• **DATA FOR THIS TASK**
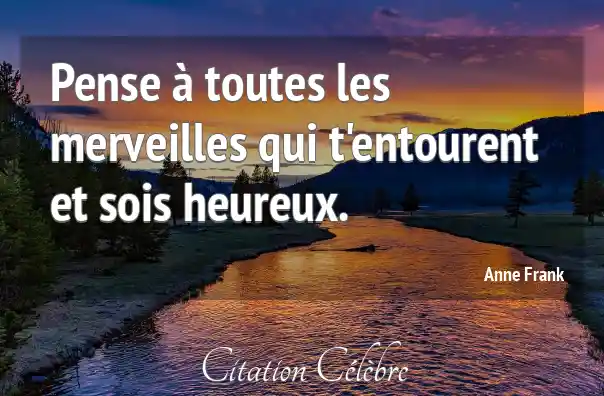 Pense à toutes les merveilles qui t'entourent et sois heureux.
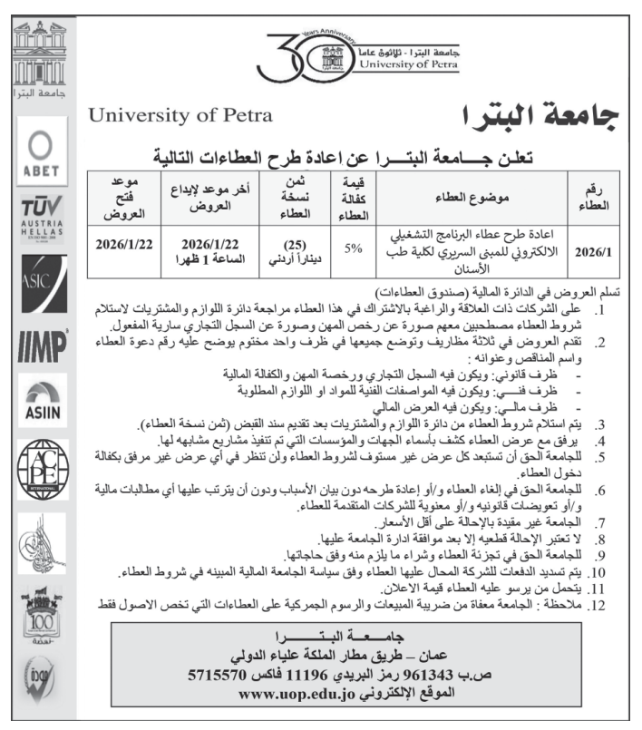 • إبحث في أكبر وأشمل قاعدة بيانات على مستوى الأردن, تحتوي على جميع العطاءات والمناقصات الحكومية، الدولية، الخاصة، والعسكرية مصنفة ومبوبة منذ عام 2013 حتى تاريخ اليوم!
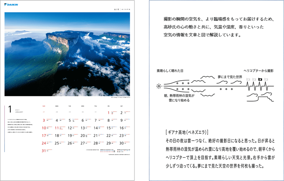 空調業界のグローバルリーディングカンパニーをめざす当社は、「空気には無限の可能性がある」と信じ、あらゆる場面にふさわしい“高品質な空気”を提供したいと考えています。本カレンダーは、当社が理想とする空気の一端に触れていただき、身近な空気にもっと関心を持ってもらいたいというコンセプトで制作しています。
* * *
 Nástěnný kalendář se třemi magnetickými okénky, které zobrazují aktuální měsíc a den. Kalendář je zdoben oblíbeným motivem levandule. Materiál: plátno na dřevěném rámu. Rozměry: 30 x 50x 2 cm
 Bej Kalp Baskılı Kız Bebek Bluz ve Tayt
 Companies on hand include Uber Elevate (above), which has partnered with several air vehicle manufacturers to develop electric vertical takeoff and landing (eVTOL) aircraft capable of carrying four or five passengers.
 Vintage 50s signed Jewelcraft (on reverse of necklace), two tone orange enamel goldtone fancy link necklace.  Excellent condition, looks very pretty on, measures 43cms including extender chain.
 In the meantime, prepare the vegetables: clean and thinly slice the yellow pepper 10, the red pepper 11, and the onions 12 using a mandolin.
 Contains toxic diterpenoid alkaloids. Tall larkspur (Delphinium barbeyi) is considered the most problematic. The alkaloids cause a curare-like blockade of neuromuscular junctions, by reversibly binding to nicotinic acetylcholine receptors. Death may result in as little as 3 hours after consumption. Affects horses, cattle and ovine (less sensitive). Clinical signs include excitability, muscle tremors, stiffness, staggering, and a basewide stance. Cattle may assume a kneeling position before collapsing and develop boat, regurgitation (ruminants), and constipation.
* * *
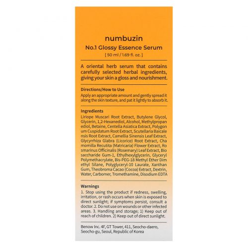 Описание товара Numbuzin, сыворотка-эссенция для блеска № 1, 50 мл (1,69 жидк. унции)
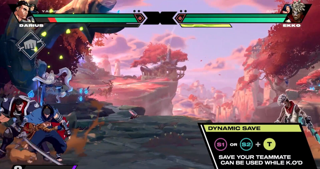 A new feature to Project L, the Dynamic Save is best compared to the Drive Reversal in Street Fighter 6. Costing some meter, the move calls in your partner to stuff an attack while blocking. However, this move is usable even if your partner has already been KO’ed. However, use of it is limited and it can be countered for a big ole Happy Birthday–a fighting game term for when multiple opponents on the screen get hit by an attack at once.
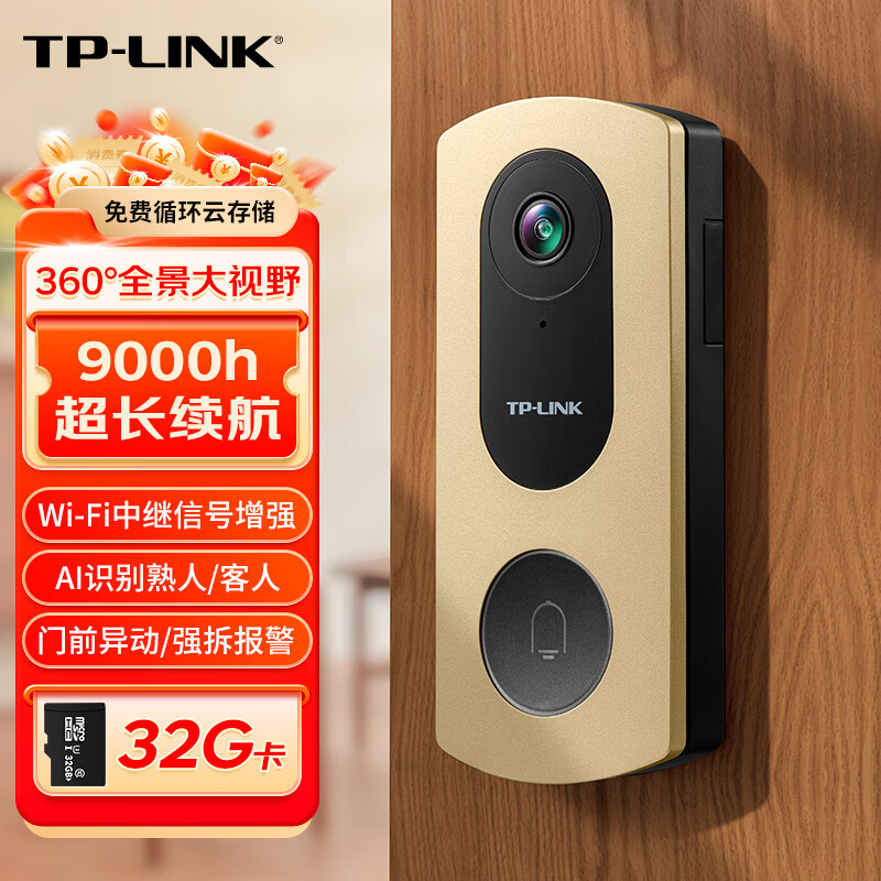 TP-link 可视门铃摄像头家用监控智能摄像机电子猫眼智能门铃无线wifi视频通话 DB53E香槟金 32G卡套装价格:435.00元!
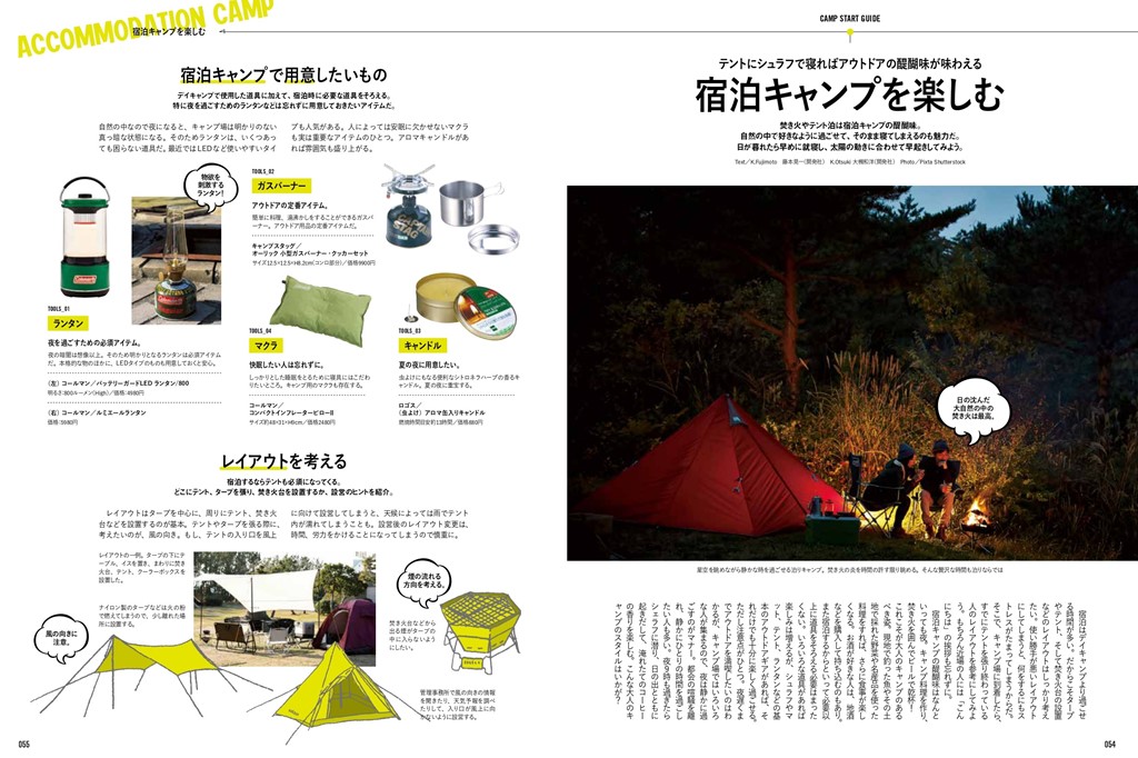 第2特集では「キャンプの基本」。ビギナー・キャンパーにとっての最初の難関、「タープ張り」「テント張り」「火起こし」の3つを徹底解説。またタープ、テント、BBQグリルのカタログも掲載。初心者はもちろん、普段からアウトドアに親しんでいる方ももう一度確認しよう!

• **EXERCISE DIRECTIONS**
Take exactly the lines from the one containing "Nástěnný kalendář se" through the one containing "In the meantime, prepare" in the data above, and output them with nothing added.

• **WRITTEN ANSWER**
 Nástěnný kalendář se třemi magnetickými okénky, které zobrazují aktuální měsíc a den. Kalendář je zdoben oblíbeným motivem levandule. Materiál: plátno na dřevěném rámu. Rozměry: 30 x 50x 2 cm
 Bej Kalp Baskılı Kız Bebek Bluz ve Tayt
 Companies on hand include Uber Elevate (above), which has partnered with several air vehicle manufacturers to develop electric vertical takeoff and landing (eVTOL) aircraft capable of carrying four or five passengers.
 Vintage 50s signed Jewelcraft (on reverse of necklace), two tone orange enamel goldtone fancy link necklace.  Excellent condition, looks very pretty on, measures 43cms including extender chain.
 In the meantime, prepare the vegetables: clean and thinly slice the yellow pepper 10, the red pepper 11, and the onions 12 using a mandolin.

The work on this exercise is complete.